Activity:
In the records below, repeat exactly the lines between the line holding "長崎平和公園・原爆資料館。平和の大切さを改めて感じました。" and the line holding "産業部長 ふるさと館（レスト", inclusive, and drop the pictures.

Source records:

----

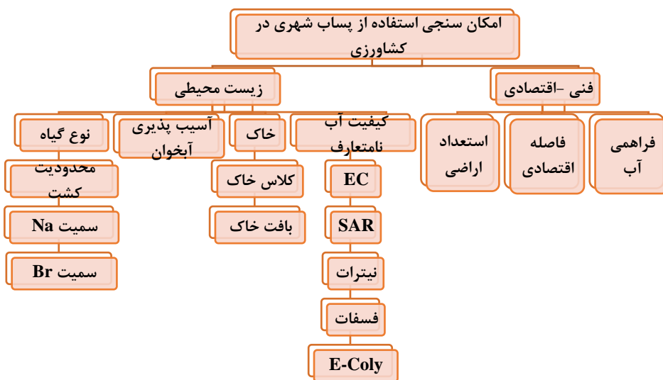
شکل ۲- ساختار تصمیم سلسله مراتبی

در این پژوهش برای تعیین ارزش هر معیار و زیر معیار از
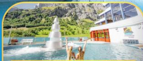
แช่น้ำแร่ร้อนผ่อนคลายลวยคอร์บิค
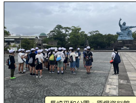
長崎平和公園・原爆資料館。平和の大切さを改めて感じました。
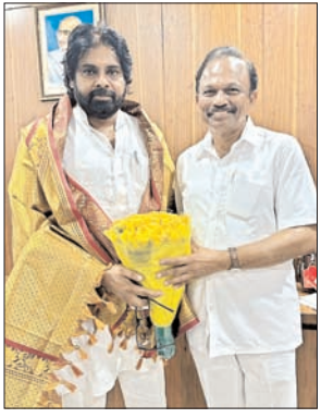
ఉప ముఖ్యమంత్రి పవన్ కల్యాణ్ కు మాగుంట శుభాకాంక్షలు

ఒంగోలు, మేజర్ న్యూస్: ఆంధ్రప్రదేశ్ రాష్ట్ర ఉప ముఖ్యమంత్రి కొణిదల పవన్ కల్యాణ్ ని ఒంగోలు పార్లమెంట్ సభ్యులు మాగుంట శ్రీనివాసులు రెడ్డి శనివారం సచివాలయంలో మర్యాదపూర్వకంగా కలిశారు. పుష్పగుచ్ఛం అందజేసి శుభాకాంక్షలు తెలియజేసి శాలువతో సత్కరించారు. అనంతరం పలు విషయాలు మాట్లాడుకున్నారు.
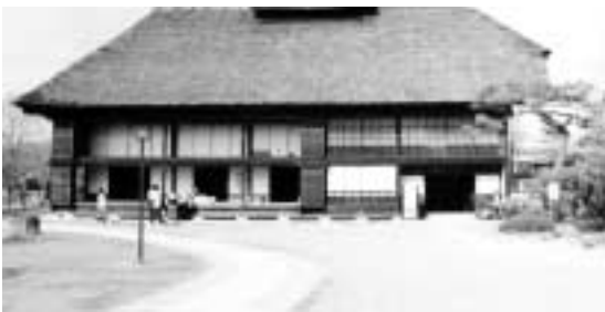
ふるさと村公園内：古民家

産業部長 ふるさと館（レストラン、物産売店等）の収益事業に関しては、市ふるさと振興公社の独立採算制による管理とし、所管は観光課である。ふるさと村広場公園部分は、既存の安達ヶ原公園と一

----

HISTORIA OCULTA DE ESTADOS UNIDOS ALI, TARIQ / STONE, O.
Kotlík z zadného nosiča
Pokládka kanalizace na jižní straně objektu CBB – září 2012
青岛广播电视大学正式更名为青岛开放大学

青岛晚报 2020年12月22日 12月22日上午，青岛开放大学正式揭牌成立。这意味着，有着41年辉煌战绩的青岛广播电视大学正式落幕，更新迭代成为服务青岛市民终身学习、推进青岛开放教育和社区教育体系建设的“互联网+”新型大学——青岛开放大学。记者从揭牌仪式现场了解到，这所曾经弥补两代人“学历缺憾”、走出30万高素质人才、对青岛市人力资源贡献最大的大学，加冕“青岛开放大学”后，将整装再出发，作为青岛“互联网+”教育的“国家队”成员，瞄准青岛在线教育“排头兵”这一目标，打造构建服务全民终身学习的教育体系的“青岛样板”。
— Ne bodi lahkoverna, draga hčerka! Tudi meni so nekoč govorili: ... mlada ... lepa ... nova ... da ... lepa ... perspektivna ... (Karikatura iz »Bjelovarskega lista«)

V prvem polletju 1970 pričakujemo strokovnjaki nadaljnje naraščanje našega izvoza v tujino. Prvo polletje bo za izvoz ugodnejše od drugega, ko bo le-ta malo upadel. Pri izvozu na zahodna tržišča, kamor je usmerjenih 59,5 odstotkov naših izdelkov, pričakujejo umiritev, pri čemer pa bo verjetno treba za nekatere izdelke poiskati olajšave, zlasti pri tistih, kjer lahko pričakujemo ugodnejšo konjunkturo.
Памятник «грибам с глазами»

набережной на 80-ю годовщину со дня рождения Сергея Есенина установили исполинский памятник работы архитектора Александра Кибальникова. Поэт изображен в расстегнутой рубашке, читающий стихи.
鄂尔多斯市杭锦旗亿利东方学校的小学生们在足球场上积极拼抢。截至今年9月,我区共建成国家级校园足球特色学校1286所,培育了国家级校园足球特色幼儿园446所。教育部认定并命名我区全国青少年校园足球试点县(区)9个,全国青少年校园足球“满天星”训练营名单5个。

----

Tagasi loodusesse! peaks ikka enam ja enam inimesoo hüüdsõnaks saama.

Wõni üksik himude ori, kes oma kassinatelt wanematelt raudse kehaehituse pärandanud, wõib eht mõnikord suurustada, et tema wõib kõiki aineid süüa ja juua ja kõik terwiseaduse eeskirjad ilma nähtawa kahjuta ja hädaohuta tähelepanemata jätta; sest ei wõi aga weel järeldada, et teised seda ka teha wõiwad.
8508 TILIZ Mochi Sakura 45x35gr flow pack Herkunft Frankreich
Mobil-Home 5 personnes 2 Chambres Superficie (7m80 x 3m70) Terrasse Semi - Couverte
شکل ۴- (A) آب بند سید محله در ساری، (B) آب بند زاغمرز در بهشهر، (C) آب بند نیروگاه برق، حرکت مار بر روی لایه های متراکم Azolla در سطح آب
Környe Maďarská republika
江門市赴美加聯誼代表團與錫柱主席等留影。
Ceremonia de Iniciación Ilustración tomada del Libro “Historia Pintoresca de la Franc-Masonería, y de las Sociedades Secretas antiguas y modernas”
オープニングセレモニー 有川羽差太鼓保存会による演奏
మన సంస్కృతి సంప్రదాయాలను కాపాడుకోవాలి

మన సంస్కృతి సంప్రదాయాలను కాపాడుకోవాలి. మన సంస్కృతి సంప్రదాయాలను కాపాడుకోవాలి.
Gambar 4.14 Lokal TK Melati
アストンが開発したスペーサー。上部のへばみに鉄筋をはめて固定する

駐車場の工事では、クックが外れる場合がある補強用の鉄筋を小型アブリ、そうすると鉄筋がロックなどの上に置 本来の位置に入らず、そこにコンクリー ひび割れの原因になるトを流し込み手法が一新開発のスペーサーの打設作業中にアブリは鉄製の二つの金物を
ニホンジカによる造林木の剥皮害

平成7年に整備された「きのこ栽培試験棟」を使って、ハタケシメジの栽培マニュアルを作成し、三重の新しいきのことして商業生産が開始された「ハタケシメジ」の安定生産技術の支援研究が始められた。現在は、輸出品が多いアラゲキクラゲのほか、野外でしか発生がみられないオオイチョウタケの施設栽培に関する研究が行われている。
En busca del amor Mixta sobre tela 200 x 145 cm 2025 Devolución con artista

----

Final answer:
長崎平和公園・原爆資料館。平和の大切さを改めて感じました。
ఉప ముఖ్యమంత్రి పవన్ కల్యాణ్ కు మాగుంట శుభాకాంక్షలు

ఒంగోలు, మేజర్ న్యూస్: ఆంధ్రప్రదేశ్ రాష్ట్ర ఉప ముఖ్యమంత్రి కొణిదల పవన్ కల్యాణ్ ని ఒంగోలు పార్లమెంట్ సభ్యులు మాగుంట శ్రీనివాసులు రెడ్డి శనివారం సచివాలయంలో మర్యాదపూర్వకంగా కలిశారు. పుష్పగుచ్ఛం అందజేసి శుభాకాంక్షలు తెలియజేసి శాలువతో సత్కరించారు. అనంతరం పలు విషయాలు మాట్లాడుకున్నారు.
ふるさと村公園内：古民家

産業部長 ふるさと館（レストラン、物産売店等）の収益事業に関しては、市ふるさと振興公社の独立採算制による管理とし、所管は観光課である。ふるさと村広場公園部分は、既存の安達ヶ原公園と一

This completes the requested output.